И видеть, что это напрасно...
И слышать льстивый шепоток сатаны, слышать его насмешки и упреки...
И знать, что большая часть искупленных Его жертвой выберет ад, называясь Его именем.
А у Него, под светлыми одеждами, скрываются страшные раны. Он воскрес с ними. Они болят и кровоточат. Раны болят сильнее, когда кто-то грешит, а когда кается и во время молитвы – словно повязки с целебной мазью накладывает.
8
Холодно.
Она замерзла.
Ледяные иголочки кололи пальцы рук и ног. Холод прошелся нескромными ладошками вверх по ногам, обнял сзади за талию.
Она пришла домой.
Надо согреться.
Она быстро разделась и зашла в ванную. Включила душ. Тело сказало, что вода едва теплая, но ступни загорелись огнем боли. На негнущихся ногах она села. Направила горячую струю воды на бедра и колени. Пальцы ног порозовели. Через минуту она смогла встать.
Еще больше. Еще добавила горячей воды.
Она выгоняла холод из каждой поры, каждой клеточки тела. Кожа стала ярко-розовой, а ступни и ладони стали ярко-красными.
Она выключила воду.
Холод все еще был в самой глубине ее тела.

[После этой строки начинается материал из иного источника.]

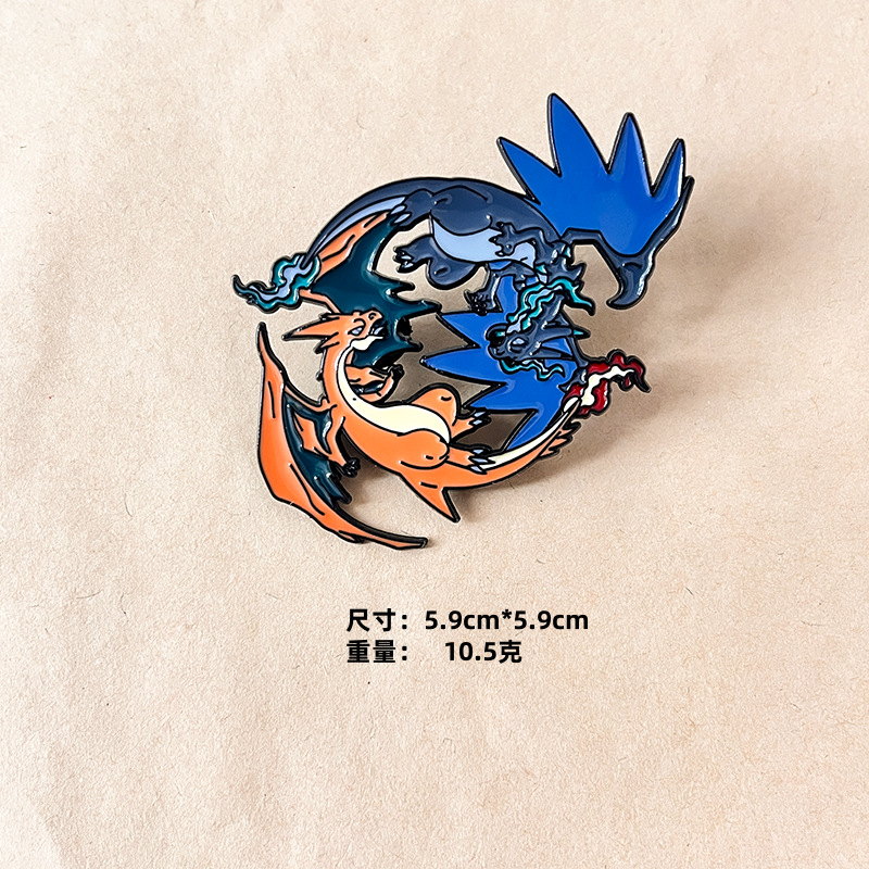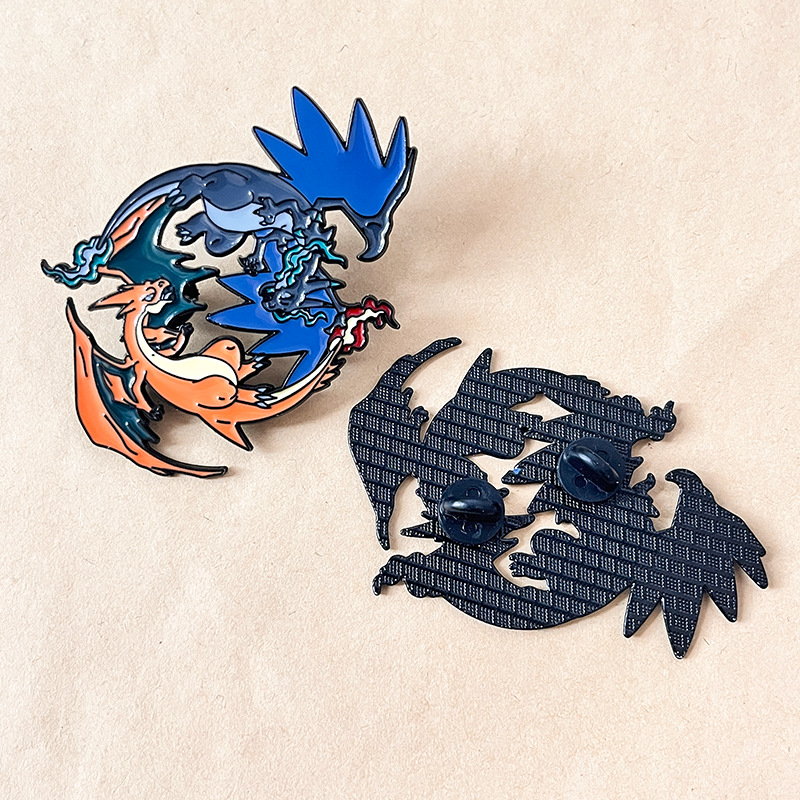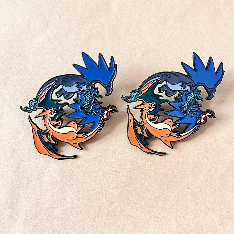Features iconic red (Charizard) and blue (Shiny Charizard) in a sleek, glossy enamel design. Ideal for Pokémon fans to add bold, nostalgic flair to bags/jackets—perfect for fandom styling or collectible dragon-themed accessory decor.

Насухо вытерлась, оделась в домашнее и прошла на кухню.
Горячий сладкий чай, хлеб с тонкими ломтиками копченного сала.
Внутри стало тепло.
Холод ушел.
Вероника посмотрела на часы – уже около шести. Раздался звонок. Телефон. Она взяла трубку.
-Привет.
Незнакомый голос.
-Привет, а кто это?
-Это я, Ольга, слушай, к тебе можно прямо сейчас и с ночевкой?

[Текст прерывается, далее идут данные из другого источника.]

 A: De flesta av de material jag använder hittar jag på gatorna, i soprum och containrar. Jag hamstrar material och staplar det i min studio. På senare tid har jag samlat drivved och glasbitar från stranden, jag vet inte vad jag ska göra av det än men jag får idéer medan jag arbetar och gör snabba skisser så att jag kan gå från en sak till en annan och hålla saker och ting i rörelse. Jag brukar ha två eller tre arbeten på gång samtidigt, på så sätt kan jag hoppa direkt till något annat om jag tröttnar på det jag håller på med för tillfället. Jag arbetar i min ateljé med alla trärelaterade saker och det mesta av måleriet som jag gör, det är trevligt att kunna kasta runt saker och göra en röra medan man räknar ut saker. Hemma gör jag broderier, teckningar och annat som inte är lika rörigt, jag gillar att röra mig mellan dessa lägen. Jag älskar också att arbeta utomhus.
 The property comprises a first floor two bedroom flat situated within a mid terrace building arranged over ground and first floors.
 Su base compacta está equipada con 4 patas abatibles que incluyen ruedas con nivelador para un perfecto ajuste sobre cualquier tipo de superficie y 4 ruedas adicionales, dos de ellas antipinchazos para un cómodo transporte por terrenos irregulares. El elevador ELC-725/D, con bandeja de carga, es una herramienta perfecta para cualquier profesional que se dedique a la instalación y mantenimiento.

-Конечно можно, адрес знаешь?
-Да, ты же мне говорила.
-Вот и хорошо, жду.
Гудки.
Вот она, веселая христианская жизнь, когда не знаешь, что случится через пять минут. Но это весело.
Ольга пришла где-то через час после звонка.
От чего-то у веры есть свой собственный аромат и вкус, сравнимы только с ароматами благовоний. Так странно этот особенный аромат распространяется по всему телу, наполняя собой каждую клеточку.
А еще страннее то, что все этот аромат, аромат молитвы воспринимают по разному. Тех, кто призывают Имя Иисуса, этот аромат оживляет, а тех, кто посвятил себя тьме напротив – убивает.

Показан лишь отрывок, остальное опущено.